John Basham (meteorologist and data scientist)
There is also no mention of The Data Integrity Group on his Twitter or LinkedIn profiles, though his experience on LinkedIn does list meteorology and some software related jobs, so it seems likely he has some legitimate data skills and experience. He also actually wields a pretty sizable Twitter following (>60k followers) to whom he seems to mostly tweet Newsmax updates and other far-right content.
Dave Lobue (artificial intelligence expert and data scientist)
I couldn’t find any trace of him online, so I took him at his word regarding his data science experience.
Justin Mealey (intelligence analyst and data scientist)
Again, no stated affiliations with The Data Integrity Group on Mealey’s Twitter, LinkedIn, or GitHub accounts.

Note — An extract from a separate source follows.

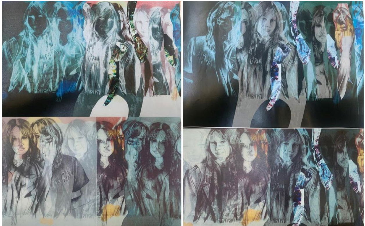
Olivia Foulston (n.d.) Sketchbook Pages

I looked for GitHub accounts for everyone because, as the standard platform for open source data and code sharing, I figured it would be the most likely place for their files and documentation. However, Mealey was the only one with an account that I could find, which has one election-related project from 2020, though all it consists of is a copied folder from ABC data reporter Garrett Archer’s profile for some Arizona vote data, with a couple of additional scripts of Mealey’s. He mentions this work with Archer in the video, so I don’t think there’s anything particularly strange about this, but at the same time, the lack of documentation doesn’t provide any insight into how they conducted their analysis nor does it shed light on their work in any other states.
Mealey’s LinkedIn lists what looks to be a software company he started in CA he mentions in the video (along with various other data-related jobs), so I don’t have real reason to doubt that he has relevant data and programming experience. Tracking down his Twitter profile proved the most helpful because I noticed that people had asked him about data sources cited in the video, to which Mealey had responded with a link to a series of election fraud videos (much of the same material shown in the Epoch Times segment) on a website called “Rumble”.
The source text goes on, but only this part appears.